%%

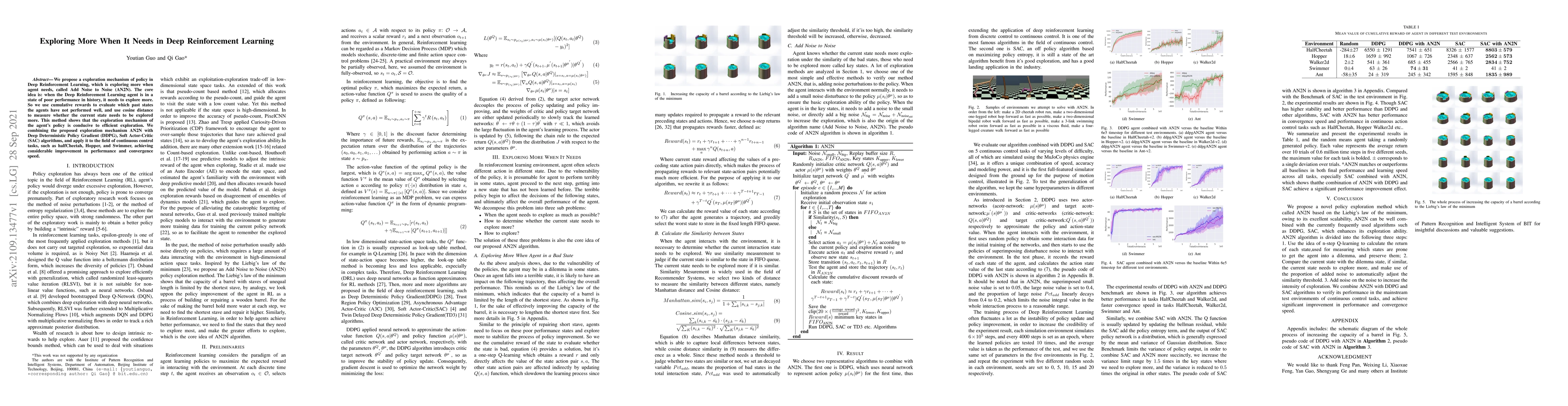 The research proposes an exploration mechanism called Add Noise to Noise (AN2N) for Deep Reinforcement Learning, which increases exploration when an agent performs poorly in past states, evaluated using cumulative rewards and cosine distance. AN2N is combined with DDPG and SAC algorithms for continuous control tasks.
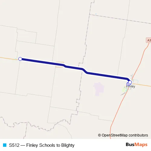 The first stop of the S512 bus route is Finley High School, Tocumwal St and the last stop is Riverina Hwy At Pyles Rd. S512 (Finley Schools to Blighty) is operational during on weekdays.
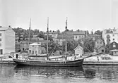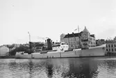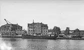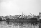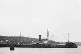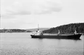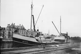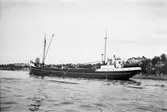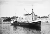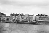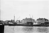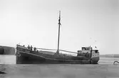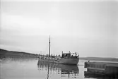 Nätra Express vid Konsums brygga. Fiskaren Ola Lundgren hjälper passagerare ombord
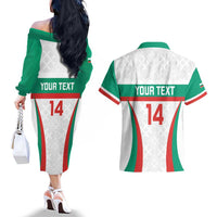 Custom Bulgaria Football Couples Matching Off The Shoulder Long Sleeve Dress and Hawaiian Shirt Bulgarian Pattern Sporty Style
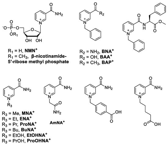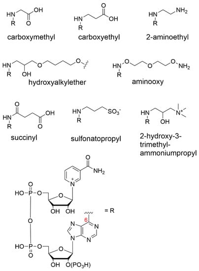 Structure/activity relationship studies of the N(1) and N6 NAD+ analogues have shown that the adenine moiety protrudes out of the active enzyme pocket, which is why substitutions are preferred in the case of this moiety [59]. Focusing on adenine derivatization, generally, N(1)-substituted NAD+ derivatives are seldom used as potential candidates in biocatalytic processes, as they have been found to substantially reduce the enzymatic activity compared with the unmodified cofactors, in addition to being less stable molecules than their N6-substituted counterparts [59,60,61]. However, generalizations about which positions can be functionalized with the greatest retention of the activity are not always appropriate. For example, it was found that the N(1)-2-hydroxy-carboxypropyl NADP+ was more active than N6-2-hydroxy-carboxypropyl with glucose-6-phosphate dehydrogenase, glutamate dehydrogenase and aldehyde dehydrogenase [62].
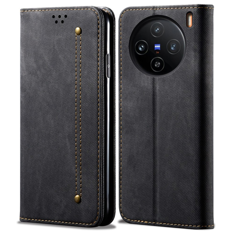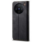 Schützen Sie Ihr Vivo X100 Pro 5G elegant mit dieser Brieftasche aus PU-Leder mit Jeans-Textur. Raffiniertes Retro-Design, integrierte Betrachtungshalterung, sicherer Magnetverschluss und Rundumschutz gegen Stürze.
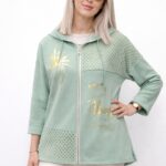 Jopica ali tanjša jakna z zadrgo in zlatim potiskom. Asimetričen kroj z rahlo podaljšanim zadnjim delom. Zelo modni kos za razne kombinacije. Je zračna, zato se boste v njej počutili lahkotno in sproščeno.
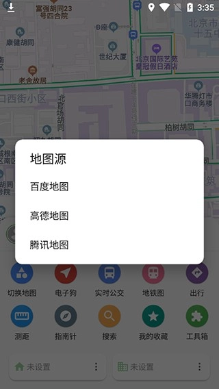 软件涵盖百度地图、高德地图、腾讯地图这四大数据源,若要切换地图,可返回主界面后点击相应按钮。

%%

> [TASK INSTRUCTIONS]
Using the data above, write out every line exactly, leaving the images behind.

> [WRITTEN REPLY]
 The research proposes an exploration mechanism called Add Noise to Noise (AN2N) for Deep Reinforcement Learning, which increases exploration when an agent performs poorly in past states, evaluated using cumulative rewards and cosine distance. AN2N is combined with DDPG and SAC algorithms for continuous control tasks.
 The first stop of the S512 bus route is Finley High School, Tocumwal St and the last stop is Riverina Hwy At Pyles Rd. S512 (Finley Schools to Blighty) is operational during on weekdays.
 Nätra Express vid Konsums brygga. Fiskaren Ola Lundgren hjälper passagerare ombord
 Custom Bulgaria Football Couples Matching Off The Shoulder Long Sleeve Dress and Hawaiian Shirt Bulgarian Pattern Sporty Style
 Structure/activity relationship studies of the N(1) and N6 NAD+ analogues have shown that the adenine moiety protrudes out of the active enzyme pocket, which is why substitutions are preferred in the case of this moiety [59]. Focusing on adenine derivatization, generally, N(1)-substituted NAD+ derivatives are seldom used as potential candidates in biocatalytic processes, as they have been found to substantially reduce the enzymatic activity compared with the unmodified cofactors, in addition to being less stable molecules than their N6-substituted counterparts [59,60,61]. However, generalizations about which positions can be functionalized with the greatest retention of the activity are not always appropriate. For example, it was found that the N(1)-2-hydroxy-carboxypropyl NADP+ was more active than N6-2-hydroxy-carboxypropyl with glucose-6-phosphate dehydrogenase, glutamate dehydrogenase and aldehyde dehydrogenase [62].
 Schützen Sie Ihr Vivo X100 Pro 5G elegant mit dieser Brieftasche aus PU-Leder mit Jeans-Textur. Raffiniertes Retro-Design, integrierte Betrachtungshalterung, sicherer Magnetverschluss und Rundumschutz gegen Stürze.
 Jopica ali tanjša jakna z zadrgo in zlatim potiskom. Asimetričen kroj z rahlo podaljšanim zadnjim delom. Zelo modni kos za razne kombinacije. Je zračna, zato se boste v njej počutili lahkotno in sproščeno.
 软件涵盖百度地图、高德地图、腾讯地图这四大数据源,若要切换地图,可返回主界面后点击相应按钮。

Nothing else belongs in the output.